== Problem details ==
Print exactly the lines below between the line holding "Суддя судової палати" and the line holding "昨天是世界武打巨星成龍的69", inclusive, and nothing more.

== Available data ==
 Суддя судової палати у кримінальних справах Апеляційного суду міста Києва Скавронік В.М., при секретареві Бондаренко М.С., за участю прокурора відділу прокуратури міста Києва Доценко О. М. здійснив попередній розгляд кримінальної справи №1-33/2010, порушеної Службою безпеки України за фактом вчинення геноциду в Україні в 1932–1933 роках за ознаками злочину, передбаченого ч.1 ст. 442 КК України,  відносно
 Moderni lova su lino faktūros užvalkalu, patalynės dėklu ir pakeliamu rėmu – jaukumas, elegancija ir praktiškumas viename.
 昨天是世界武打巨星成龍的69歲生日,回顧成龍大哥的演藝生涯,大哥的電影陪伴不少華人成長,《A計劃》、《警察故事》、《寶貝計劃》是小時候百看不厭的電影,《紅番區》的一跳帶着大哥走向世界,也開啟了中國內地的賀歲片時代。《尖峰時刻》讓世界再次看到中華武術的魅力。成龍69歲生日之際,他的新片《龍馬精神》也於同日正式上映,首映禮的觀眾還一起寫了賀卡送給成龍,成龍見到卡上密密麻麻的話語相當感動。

* * *

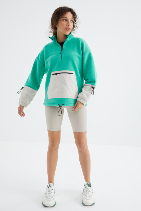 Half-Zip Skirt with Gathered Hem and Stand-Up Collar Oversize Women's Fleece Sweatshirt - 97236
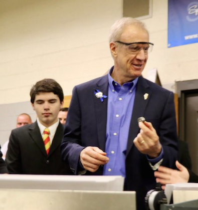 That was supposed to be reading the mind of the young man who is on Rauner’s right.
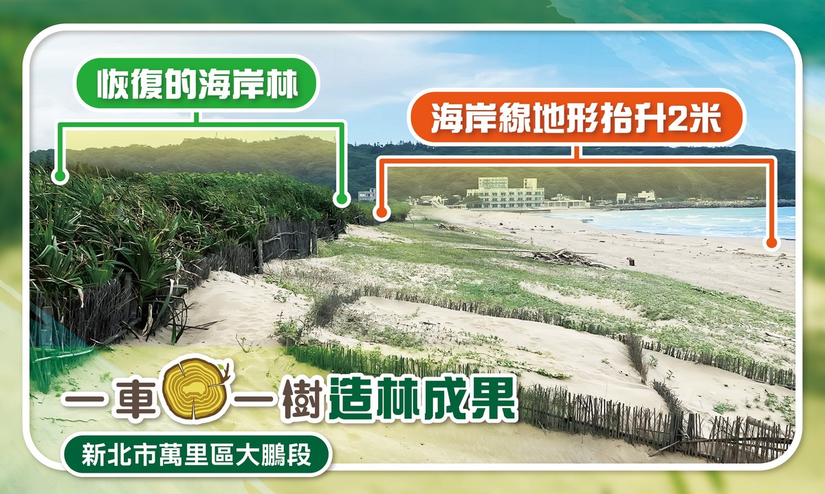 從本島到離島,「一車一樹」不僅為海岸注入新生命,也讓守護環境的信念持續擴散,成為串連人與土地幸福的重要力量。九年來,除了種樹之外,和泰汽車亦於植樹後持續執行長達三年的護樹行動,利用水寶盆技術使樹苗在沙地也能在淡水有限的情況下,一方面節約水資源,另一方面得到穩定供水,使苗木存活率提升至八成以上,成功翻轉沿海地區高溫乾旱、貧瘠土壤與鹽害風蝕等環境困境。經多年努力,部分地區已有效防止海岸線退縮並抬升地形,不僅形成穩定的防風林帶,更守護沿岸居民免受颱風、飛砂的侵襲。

== Result for this exercise ==
 Суддя судової палати у кримінальних справах Апеляційного суду міста Києва Скавронік В.М., при секретареві Бондаренко М.С., за участю прокурора відділу прокуратури міста Києва Доценко О. М. здійснив попередній розгляд кримінальної справи №1-33/2010, порушеної Службою безпеки України за фактом вчинення геноциду в Україні в 1932–1933 роках за ознаками злочину, передбаченого ч.1 ст. 442 КК України,  відносно
 Moderni lova su lino faktūros užvalkalu, patalynės dėklu ir pakeliamu rėmu – jaukumas, elegancija ir praktiškumas viename.
 昨天是世界武打巨星成龍的69歲生日,回顧成龍大哥的演藝生涯,大哥的電影陪伴不少華人成長,《A計劃》、《警察故事》、《寶貝計劃》是小時候百看不厭的電影,《紅番區》的一跳帶着大哥走向世界,也開啟了中國內地的賀歲片時代。《尖峰時刻》讓世界再次看到中華武術的魅力。成龍69歲生日之際,他的新片《龍馬精神》也於同日正式上映,首映禮的觀眾還一起寫了賀卡送給成龍,成龍見到卡上密密麻麻的話語相當感動。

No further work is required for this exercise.